There are several limitations to our work which should be considered. Firstly, the issue of potential biases, which apply to any consensus process: these include anchoring or participant selection biases.61 The research team tried to mitigate bias through the survey design, using open ended questions analysed through a thematic analysis, and by adapting the expert recruitment process, but it is unlikely that it was eliminated entirely. Despite an aim for geographical diversity and several actions taken to foster it, representation was skewed towards Europe and more specifically the United Kingdom. This could be explained in part by the following factors: a likely selection bias in the Steering Group’s expert recommendations, a higher interest in our open invitation to contribute coming from European/UK scientists (25 out of 30 experts approaching us, 83%), and a lack of control over the response rate and self-reported geographical location of participating experts. Considerable attention was also paid to diversity and balance between stakeholder groups, even though clinicians and engineers were the most represented, partly due to the profile of researchers who contacted us spontaneously after the public announcement of the project. Stakeholder group analyses were performed to identify any marked disagreements from underrepresented groups. Finally, as also noted by the authors of the SPIRIT-AI and CONSORT-AI guidelines,25 26 few examples of studies reporting on the early stage clinical evaluation of AI systems were available at the time we started developing the DECIDE-AI guideline. This might have impacted the exhaustiveness of the initial item list created from literature review. However, the wide range of stakeholders involved and design of the first round of Delphi allowed identification of several additional candidate items which were added in the second iteration of the item list.

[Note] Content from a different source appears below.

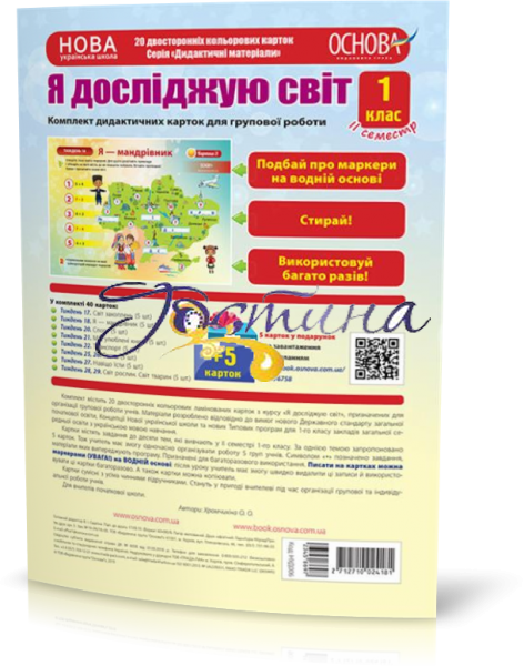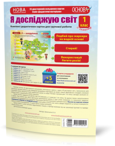 Комплект містить 20 двосторонніх карток формату А4 до курсу «Я досліджую світ» у 1-му класі НУШ (ІІ семестр). + 5 БЕЗКОШТОВНИХ карток у подарунок, які можна завантажити за допомогою QR-коду, зазначеного на обкладинці.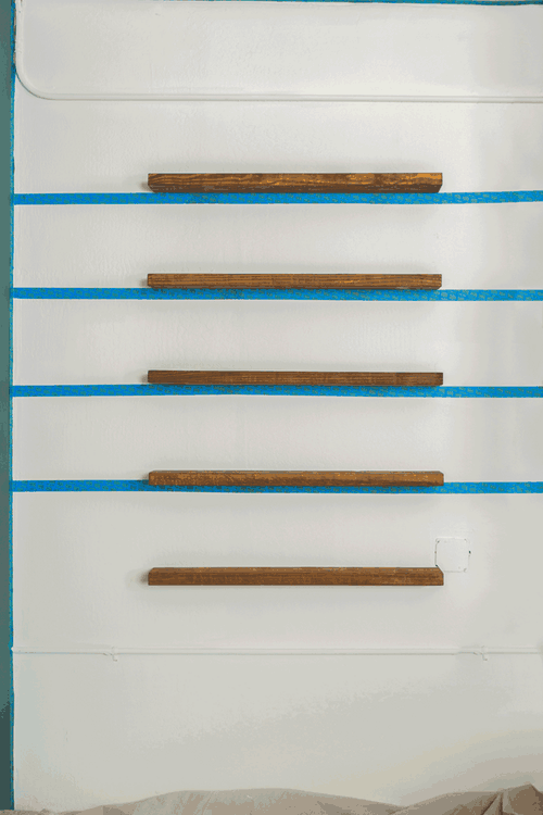 We began with a white wall and wooden shelves, and primed the shelves to start the process. Then we taped off lines to create bands of color. We chose to create a seamless set of stripes, which means painting in stages to avoid leaving any white sections. We started with the top section, the middle section, and the bottom. We painted those colors and waited for them to dry. Then we moved the tape to overlap with the top and bottom edges of each color, and painted our other two sections. Easy as… 1-2-3-4-5 ;)

The introduction of AI into healthcare needs to be supported by sound, robust and comprehensive evidence generation and reporting. This is essential both to ensure the safety and efficacy of AI systems, and to gain the trust of patients, practitioners, and purchasers, so that this technology can realise its full potential to improve patient care. The DECIDE-AI guideline aims to improve the reporting of early stage live clinical evaluation of AI systems, which lay the foundations for both larger clinical studies and later widespread adoption.